What to do – The following entries should be restated word for word, pictures excluded.

Material for this task –
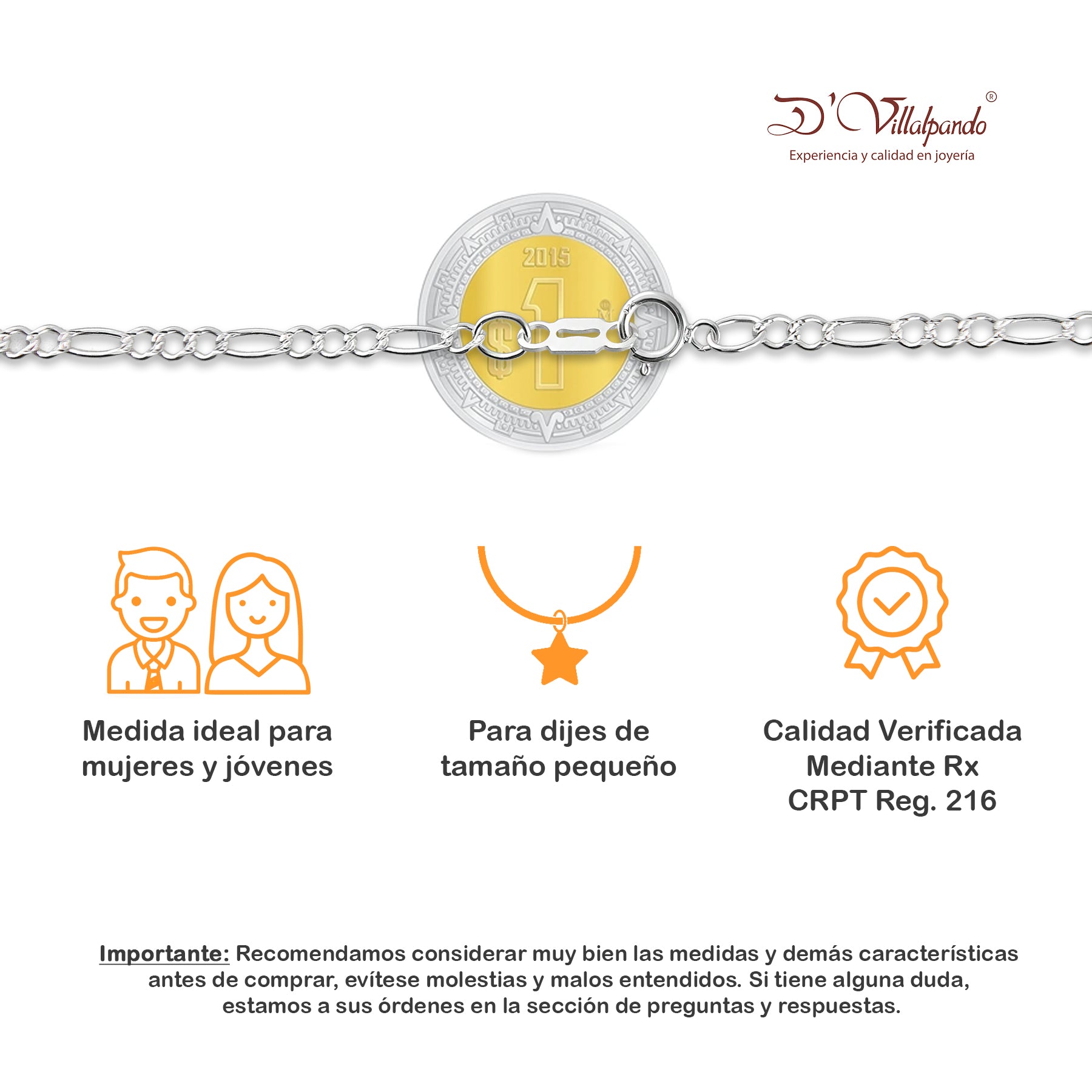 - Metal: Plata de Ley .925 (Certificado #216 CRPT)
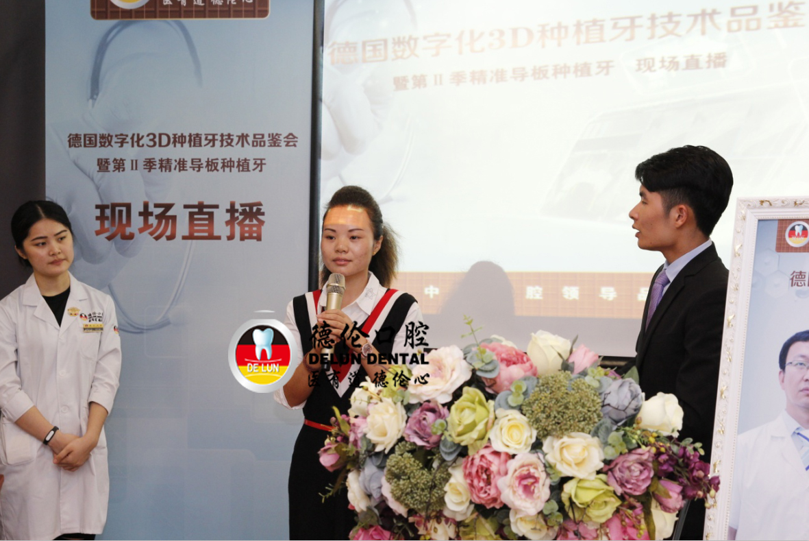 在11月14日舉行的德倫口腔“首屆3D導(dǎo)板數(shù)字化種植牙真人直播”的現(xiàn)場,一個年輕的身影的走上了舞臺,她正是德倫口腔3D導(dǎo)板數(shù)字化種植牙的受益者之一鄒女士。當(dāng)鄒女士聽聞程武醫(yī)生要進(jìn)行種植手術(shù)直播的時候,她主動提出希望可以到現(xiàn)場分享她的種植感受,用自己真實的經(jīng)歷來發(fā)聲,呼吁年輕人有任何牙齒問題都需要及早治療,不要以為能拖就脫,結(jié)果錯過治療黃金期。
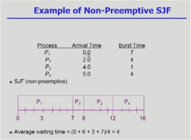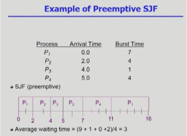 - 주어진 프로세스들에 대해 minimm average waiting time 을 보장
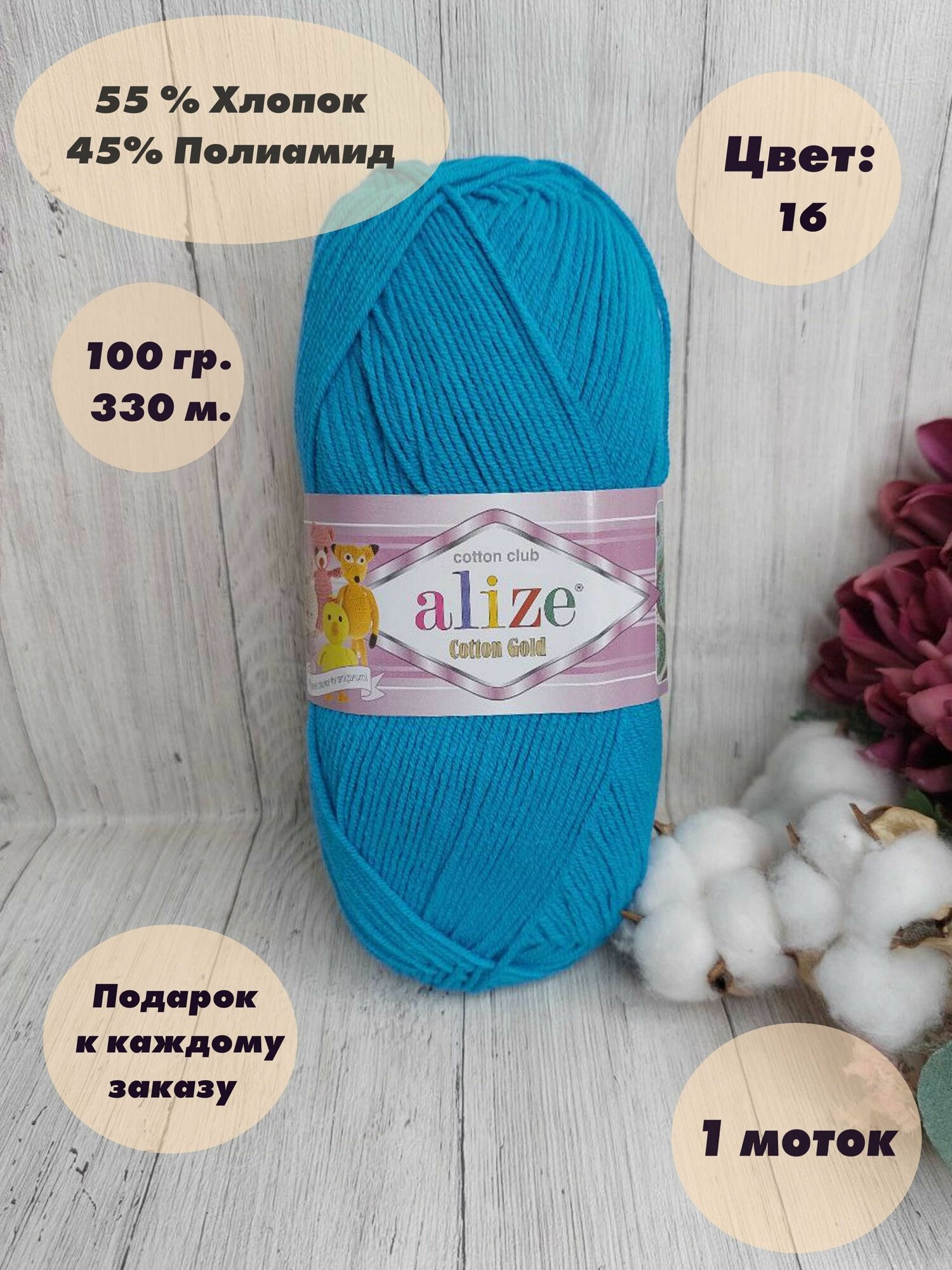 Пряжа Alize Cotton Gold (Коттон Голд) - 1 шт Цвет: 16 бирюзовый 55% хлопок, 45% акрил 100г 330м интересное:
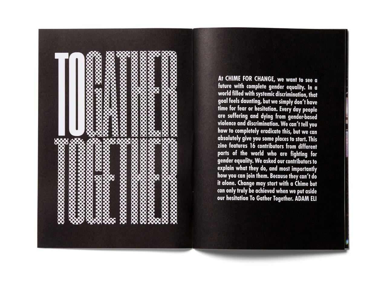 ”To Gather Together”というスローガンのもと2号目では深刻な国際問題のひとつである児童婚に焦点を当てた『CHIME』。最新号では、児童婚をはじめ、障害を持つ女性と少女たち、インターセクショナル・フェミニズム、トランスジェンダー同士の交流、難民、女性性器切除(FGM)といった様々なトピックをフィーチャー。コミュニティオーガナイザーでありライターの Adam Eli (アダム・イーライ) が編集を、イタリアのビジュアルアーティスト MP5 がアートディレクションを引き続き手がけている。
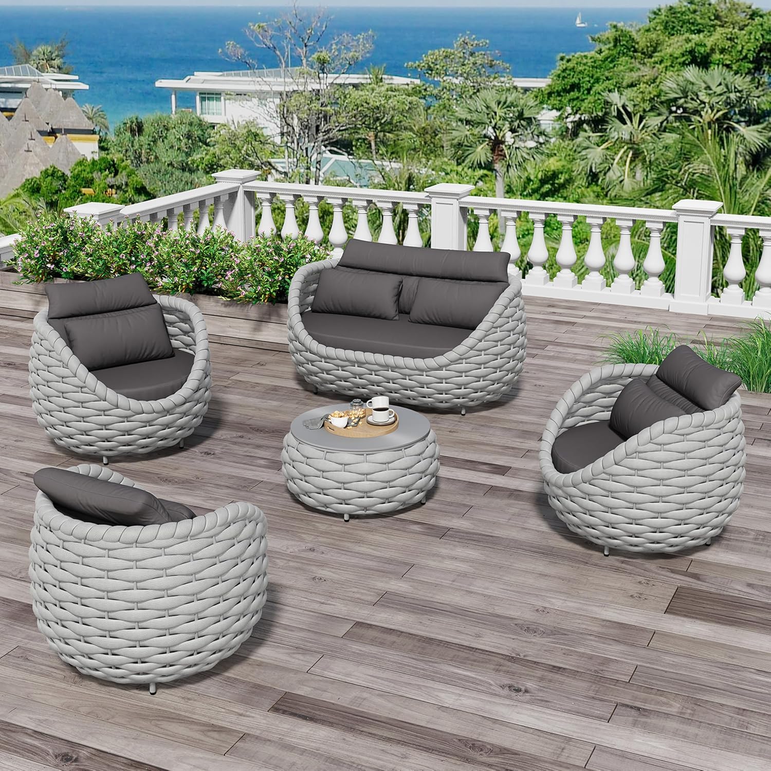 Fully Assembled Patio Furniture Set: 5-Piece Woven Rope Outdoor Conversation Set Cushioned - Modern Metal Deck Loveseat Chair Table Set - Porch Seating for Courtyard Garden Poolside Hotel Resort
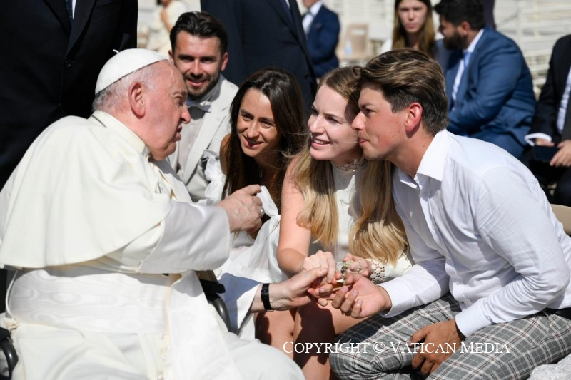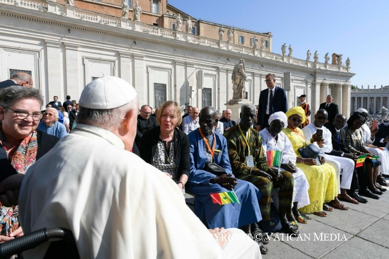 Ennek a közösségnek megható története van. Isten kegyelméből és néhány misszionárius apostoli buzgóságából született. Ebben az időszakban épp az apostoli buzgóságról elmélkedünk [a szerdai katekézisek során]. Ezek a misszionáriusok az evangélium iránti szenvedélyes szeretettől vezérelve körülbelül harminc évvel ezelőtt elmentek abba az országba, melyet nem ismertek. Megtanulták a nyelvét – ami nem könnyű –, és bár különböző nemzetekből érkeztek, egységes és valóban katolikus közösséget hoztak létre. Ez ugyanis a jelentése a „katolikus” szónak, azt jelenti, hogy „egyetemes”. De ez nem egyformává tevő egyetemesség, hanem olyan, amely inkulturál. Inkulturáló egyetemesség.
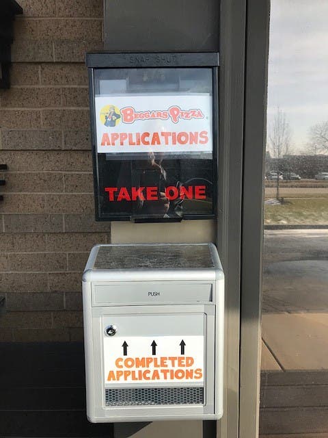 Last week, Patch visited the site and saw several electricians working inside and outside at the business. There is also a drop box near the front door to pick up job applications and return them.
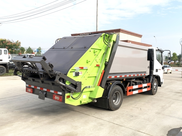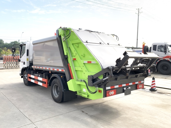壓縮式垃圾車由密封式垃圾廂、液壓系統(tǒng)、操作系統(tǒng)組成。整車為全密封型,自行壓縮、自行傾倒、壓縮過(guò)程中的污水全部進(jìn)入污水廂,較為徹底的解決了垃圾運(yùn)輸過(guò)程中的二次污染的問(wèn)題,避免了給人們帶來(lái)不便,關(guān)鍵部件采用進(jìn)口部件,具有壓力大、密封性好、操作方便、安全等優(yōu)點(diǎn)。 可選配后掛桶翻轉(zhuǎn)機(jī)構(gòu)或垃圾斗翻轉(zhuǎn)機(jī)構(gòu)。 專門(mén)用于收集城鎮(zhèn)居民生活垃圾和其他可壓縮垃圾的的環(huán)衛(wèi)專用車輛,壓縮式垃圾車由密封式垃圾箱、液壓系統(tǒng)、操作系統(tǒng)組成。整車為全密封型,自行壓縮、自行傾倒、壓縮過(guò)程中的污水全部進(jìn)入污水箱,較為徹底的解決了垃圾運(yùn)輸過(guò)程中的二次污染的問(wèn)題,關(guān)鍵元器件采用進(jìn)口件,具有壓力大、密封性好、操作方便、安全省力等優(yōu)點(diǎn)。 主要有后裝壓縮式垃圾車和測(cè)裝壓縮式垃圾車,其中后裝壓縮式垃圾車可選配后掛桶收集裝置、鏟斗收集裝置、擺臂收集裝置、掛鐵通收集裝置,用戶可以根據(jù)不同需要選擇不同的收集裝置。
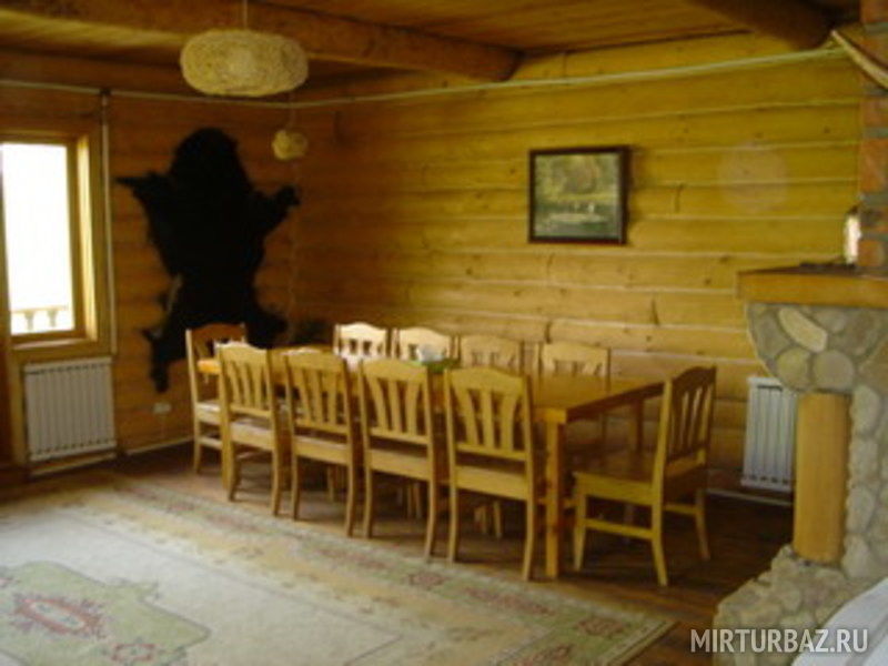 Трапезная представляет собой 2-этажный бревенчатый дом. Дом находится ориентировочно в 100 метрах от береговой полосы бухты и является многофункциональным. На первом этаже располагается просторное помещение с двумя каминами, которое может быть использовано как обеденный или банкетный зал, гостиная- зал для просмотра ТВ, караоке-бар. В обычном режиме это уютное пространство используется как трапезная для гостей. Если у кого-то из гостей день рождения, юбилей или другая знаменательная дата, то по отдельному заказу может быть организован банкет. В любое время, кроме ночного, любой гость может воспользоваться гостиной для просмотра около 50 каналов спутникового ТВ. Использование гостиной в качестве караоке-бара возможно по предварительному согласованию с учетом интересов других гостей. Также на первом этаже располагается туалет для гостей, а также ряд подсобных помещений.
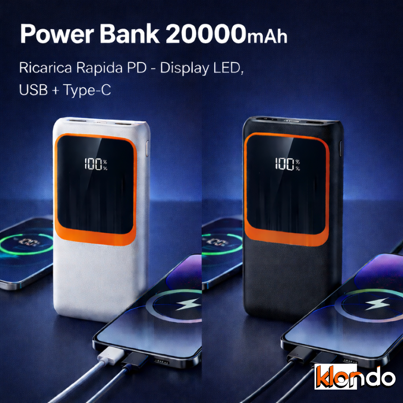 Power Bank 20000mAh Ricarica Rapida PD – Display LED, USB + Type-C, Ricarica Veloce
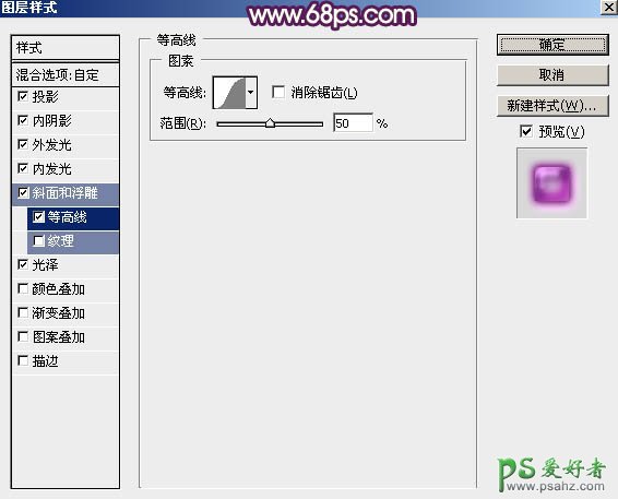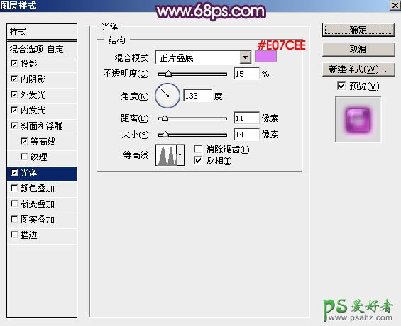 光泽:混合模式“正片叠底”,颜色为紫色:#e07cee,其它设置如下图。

Answer to the problem –
 - Metal: Plata de Ley .925 (Certificado #216 CRPT)
 在11月14日舉行的德倫口腔“首屆3D導(dǎo)板數(shù)字化種植牙真人直播”的現(xiàn)場,一個年輕的身影的走上了舞臺,她正是德倫口腔3D導(dǎo)板數(shù)字化種植牙的受益者之一鄒女士。當(dāng)鄒女士聽聞程武醫(yī)生要進(jìn)行種植手術(shù)直播的時候,她主動提出希望可以到現(xiàn)場分享她的種植感受,用自己真實的經(jīng)歷來發(fā)聲,呼吁年輕人有任何牙齒問題都需要及早治療,不要以為能拖就脫,結(jié)果錯過治療黃金期。
 - 주어진 프로세스들에 대해 minimm average waiting time 을 보장
 Пряжа Alize Cotton Gold (Коттон Голд) - 1 шт Цвет: 16 бирюзовый 55% хлопок, 45% акрил 100г 330м интересное:
 ”To Gather Together”というスローガンのもと2号目では深刻な国際問題のひとつである児童婚に焦点を当てた『CHIME』。最新号では、児童婚をはじめ、障害を持つ女性と少女たち、インターセクショナル・フェミニズム、トランスジェンダー同士の交流、難民、女性性器切除(FGM)といった様々なトピックをフィーチャー。コミュニティオーガナイザーでありライターの Adam Eli (アダム・イーライ) が編集を、イタリアのビジュアルアーティスト MP5 がアートディレクションを引き続き手がけている。
 Fully Assembled Patio Furniture Set: 5-Piece Woven Rope Outdoor Conversation Set Cushioned - Modern Metal Deck Loveseat Chair Table Set - Porch Seating for Courtyard Garden Poolside Hotel Resort
 Ennek a közösségnek megható története van. Isten kegyelméből és néhány misszionárius apostoli buzgóságából született. Ebben az időszakban épp az apostoli buzgóságról elmélkedünk [a szerdai katekézisek során]. Ezek a misszionáriusok az evangélium iránti szenvedélyes szeretettől vezérelve körülbelül harminc évvel ezelőtt elmentek abba az országba, melyet nem ismertek. Megtanulták a nyelvét – ami nem könnyű –, és bár különböző nemzetekből érkeztek, egységes és valóban katolikus közösséget hoztak létre. Ez ugyanis a jelentése a „katolikus” szónak, azt jelenti, hogy „egyetemes”. De ez nem egyformává tevő egyetemesség, hanem olyan, amely inkulturál. Inkulturáló egyetemesség.
 Last week, Patch visited the site and saw several electricians working inside and outside at the business. There is also a drop box near the front door to pick up job applications and return them.
壓縮式垃圾車由密封式垃圾廂、液壓系統(tǒng)、操作系統(tǒng)組成。整車為全密封型,自行壓縮、自行傾倒、壓縮過(guò)程中的污水全部進(jìn)入污水廂,較為徹底的解決了垃圾運(yùn)輸過(guò)程中的二次污染的問(wèn)題,避免了給人們帶來(lái)不便,關(guān)鍵部件采用進(jìn)口部件,具有壓力大、密封性好、操作方便、安全等優(yōu)點(diǎn)。 可選配后掛桶翻轉(zhuǎn)機(jī)構(gòu)或垃圾斗翻轉(zhuǎn)機(jī)構(gòu)。 專門(mén)用于收集城鎮(zhèn)居民生活垃圾和其他可壓縮垃圾的的環(huán)衛(wèi)專用車輛,壓縮式垃圾車由密封式垃圾箱、液壓系統(tǒng)、操作系統(tǒng)組成。整車為全密封型,自行壓縮、自行傾倒、壓縮過(guò)程中的污水全部進(jìn)入污水箱,較為徹底的解決了垃圾運(yùn)輸過(guò)程中的二次污染的問(wèn)題,關(guān)鍵元器件采用進(jìn)口件,具有壓力大、密封性好、操作方便、安全省力等優(yōu)點(diǎn)。 主要有后裝壓縮式垃圾車和測(cè)裝壓縮式垃圾車,其中后裝壓縮式垃圾車可選配后掛桶收集裝置、鏟斗收集裝置、擺臂收集裝置、掛鐵通收集裝置,用戶可以根據(jù)不同需要選擇不同的收集裝置。
 Трапезная представляет собой 2-этажный бревенчатый дом. Дом находится ориентировочно в 100 метрах от береговой полосы бухты и является многофункциональным. На первом этаже располагается просторное помещение с двумя каминами, которое может быть использовано как обеденный или банкетный зал, гостиная- зал для просмотра ТВ, караоке-бар. В обычном режиме это уютное пространство используется как трапезная для гостей. Если у кого-то из гостей день рождения, юбилей или другая знаменательная дата, то по отдельному заказу может быть организован банкет. В любое время, кроме ночного, любой гость может воспользоваться гостиной для просмотра около 50 каналов спутникового ТВ. Использование гостиной в качестве караоке-бара возможно по предварительному согласованию с учетом интересов других гостей. Также на первом этаже располагается туалет для гостей, а также ряд подсобных помещений.
 Power Bank 20000mAh Ricarica Rapida PD – Display LED, USB + Type-C, Ricarica Veloce
 光泽:混合模式“正片叠底”,颜色为紫色:#e07cee,其它设置如下图。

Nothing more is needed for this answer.